She sighed. "Not sure. Don't know. Ah do know there's some Fancy Pants Nose in the Air types hangin' round."

Toby took a bite and chewed slowly. "Does your friend discover he's got dirt under his fingernails after a visit from these.... Fine People?"

"That's what Ah'm a-thinking," Jessie replied quietly. "And it's not just him that's hurtin'; the whole band's floundering right now because he's the main writer. No bubbly fer anyone."

"Oh, that's so nice! I think everyone should do that! And I think that everyone should know about this! We should go tell everyone about these people so they can go deliver presents and bunches of flowers them! Black-eyed Susans!"

"Gotta make sure first. Don't want to go biting the wrong leg."

"Well, no. Then you could get splinters in your teeth. What you need to do is sneak in on liiiiiittle cat feet... and find out who's been pussy-footing around. So you can make sure to thank the right people. You know, get them letters of appreciation from the Red-Headed League and bowling trophies and everything." He looked at her critically. "Of course, you don't have little cat feet - you have little chihuahua feet."

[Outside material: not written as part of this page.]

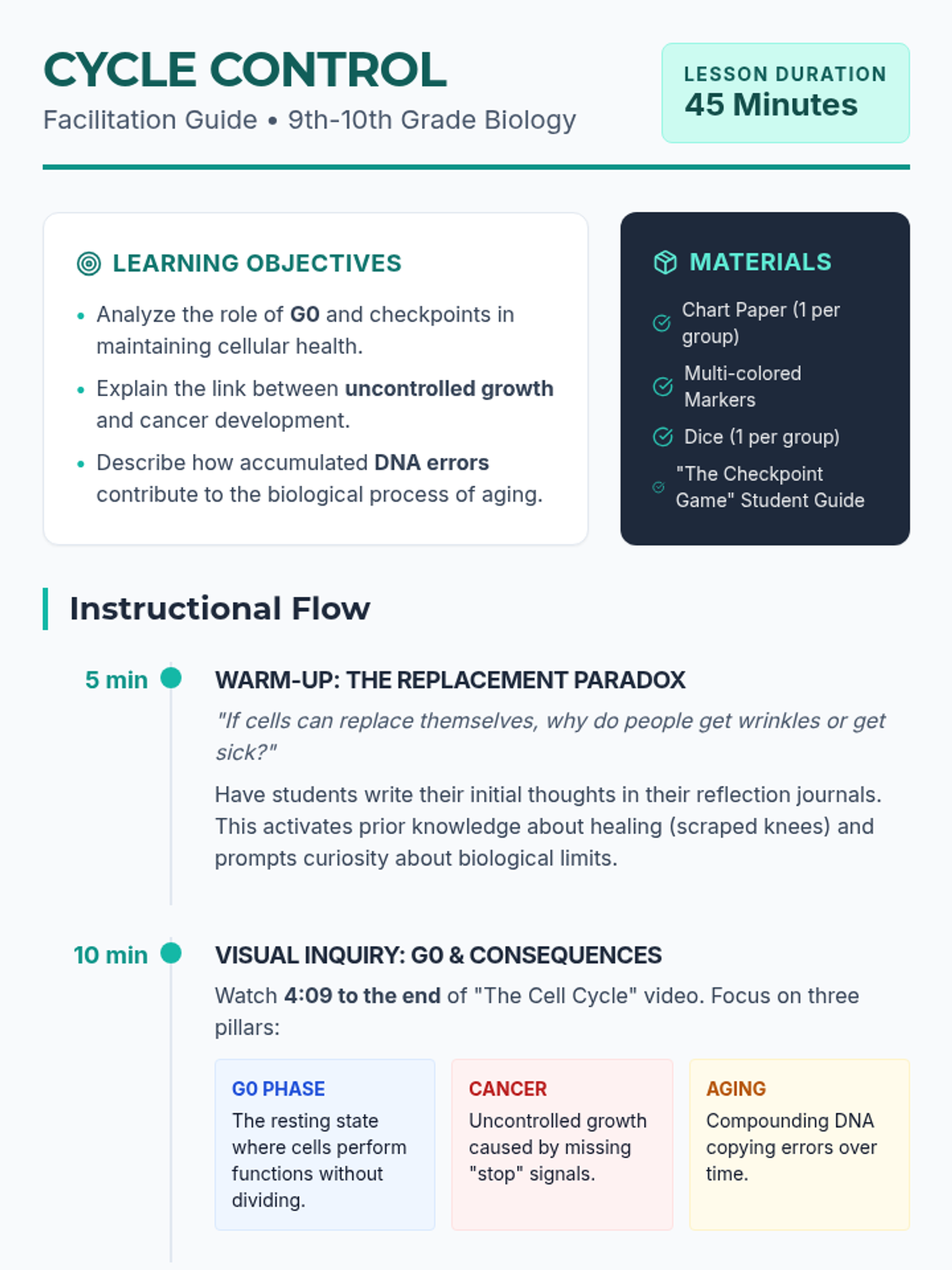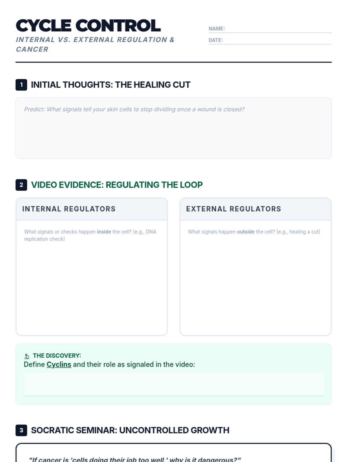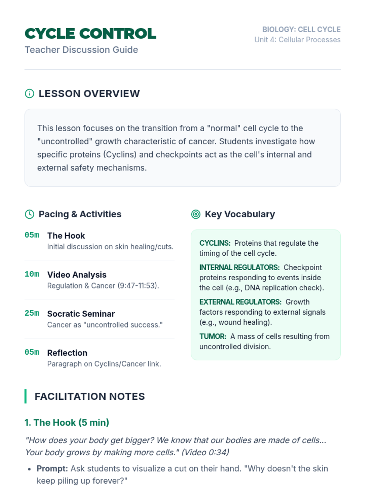 A high school biology lesson focusing on the regulatory mechanisms of the cell cycle, the role of cyclins, and how failure in these systems leads to cancer. Students will analyze video evidence, participate in a Socratic seminar, and reflect on cellular control.

"Ah'll get you tickets and a backstage pass. You can keep an eye on things while Ah go do some digging."

Toby wiggled in his chair. "Ooooo. That sounds hooorrrible."

She gave him a broad smile. "Thanks for the information. And Ah really appreciate this here Dagwood. Ah was about ta faint from hunger back there." She winked at him.

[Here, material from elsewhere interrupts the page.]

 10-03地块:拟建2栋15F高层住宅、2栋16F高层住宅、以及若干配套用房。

"Oh, that would never do!" Toby exclaimed. "Not my bestest friend! Why if you passed out, I would have had to bundle you up and drag you to the hospital and then straighten up the mess of all those otter magazines you'd left all over the floor!"

"And take them in your room to catalog them," Jessie added between bites.

"Of course! How can you read such stirring words if the magazines are out of order?"

Jessie waved her hand dismissively. "Ah only look at the pictures."


Jessie stepped off the moonbridge and found herself in a large basement. Two homids and a lupus were waiting for her. She knew one of them well.

"There's mah baby!" Jessie cried and hugged the woman dressed in tie-dye.

"Oh, Mom." They licked each other's faces. "You finally surprised me! I'd never thought you'd make it to the West Coast."

"Hard ta trick ye, Alice." Jessie saluted the other homid Garou, a man with a long beard. "Thank ye for the moonbridge."

"Hey, no problemo," he replied, smiling broadly. "Especially for such an esteemed warrior."

"Me? A warrior? Hey, Ah'm the Ragabash - Ah'll make the jokes," she quipped.

{"You will tell us about the Alliance?"} a shepherd-wolf-poodle mix woofed.

"Ah sure will. But Ah gotta check something out first."

The two women stepped out into a San Francisco street. "Gosh, Alice, the Gnawers here look like Children."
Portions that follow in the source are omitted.